Walker believes that when people believe their work is important, their manager cares about what they do and is prepared to help to make it better, their motivation increases and performance soars.

A top-down approach really does matter, adds Walker: “We can vouch for the effectiveness of doing this. You can see this in practice: the supermarket manager on the tills, the CEO on reception, Lord Nelson pacing the deck at the Battle of Trafalgar.”

The CIPD says it’s about having opportunities to feed your views upwards and feeling well informed about what is happening in the organisation.

Ings summarises: “We find that some organisations think that their employees are engaged merely because they come to work and they are communicated to via notice boards and emails. However, we often find that companies do not listen to their employees, let alone engage them.

“Often managers like to instruct and direct rather than to listen and adapt to the things that their employees (and their customers) are telling them. The model of communicating from the top down is all too common and the expectations managers place on their teams grow with little consideration of the impact on work output and morale.”

Engaging employees really is the only recipe for success.

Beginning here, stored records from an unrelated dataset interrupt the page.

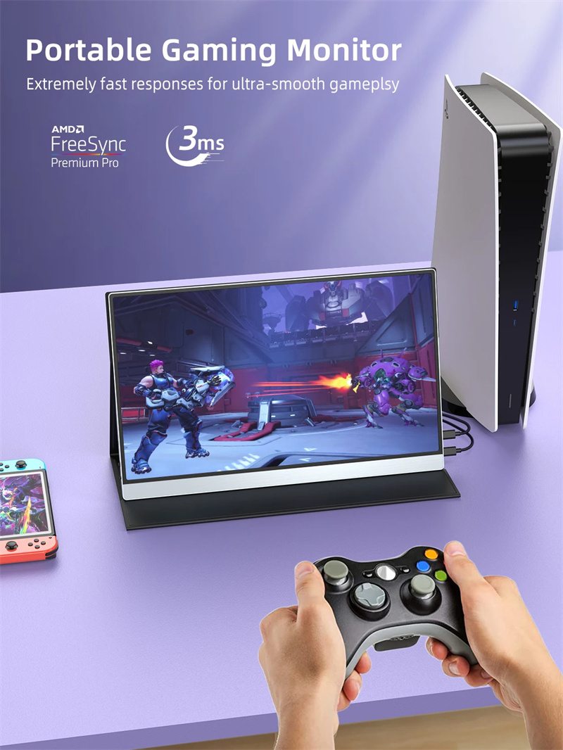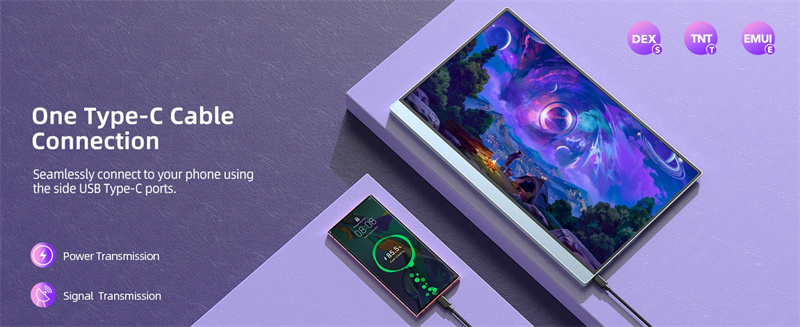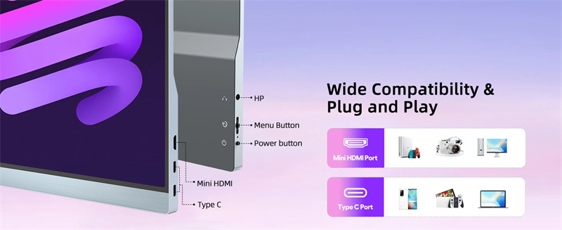 | Liitännät | 1* Mini HDM (signaalilähde) 2* Type C (täysitoiminen Type C, USB PD -protokolla), molemmat tukevat virransyöttöä ja tiedonsiirtoa 1* 3.5 mm kuulokeliitäntä |
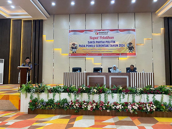 “Saksi bisa memahami dalam penghitungan suara nanti. Kemudian bisa mengetahui kompetensi saksi nantinya. Kemudian saksi juga bisa memetakan berbegai potensi masalah yang ada di TPS,” demikian disampaikan Aan Muharman, dalam kegiatan Rapat Pelatihan Saksi Partai Politik pada Pemilu Serentak tahun 2024 di aula Hotel Mangkuto, Kota Payakumbuh, Selasa (2/1) pagi.
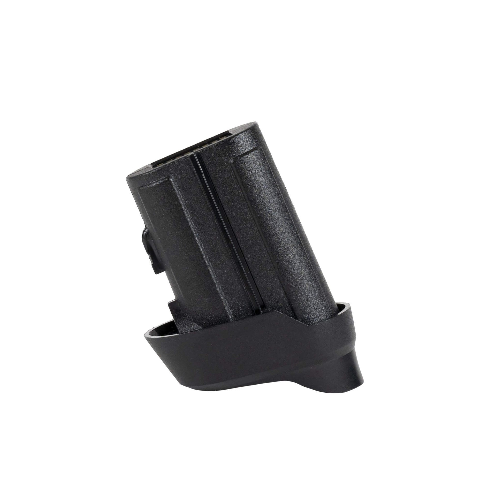 The TASER Performance Power Magazine is a lithium energy cell power supply system. It has an extension to provide a larger grip, but it does not hold an extra cartridge.

As Ings says, engaged employees are more likely to act as organisational advocates and can play a vital role in promoting their organisation. Companies that have latched onto this are the ones that are outstripping the competition at every turn.

One Response

  1. Employee Engagement
    Whilst the comments within this article are all relevant, I still believe strongly that the two main reasons we are not achieving “engagement” to the desired extent, are:

    1. It is not practiced from at the top. If the troops don’t see the senior folk in an organisation engaging with each other, can we realistically expect them to engage themselves?; and

    2. We don’t actually tell them what is required in language they understand………in other words, how engagement takes place within the Team. Take as an example the words used in the article, passion energy and enthusiasm. They will mean many different things to different people. Therefore it is necessary to explain to aspiring Team Members that if they come and work in your Team, then they will be expected to do certain things……….and give them examples of what passion energy and enthusiasm look like. Could well be way different from what they thought. They may be passionate and enthusiastic, but in a manner so different from what you want, they are considered failures in these areas. So change the fancy words into actual examples, and see the difference!! Cheers.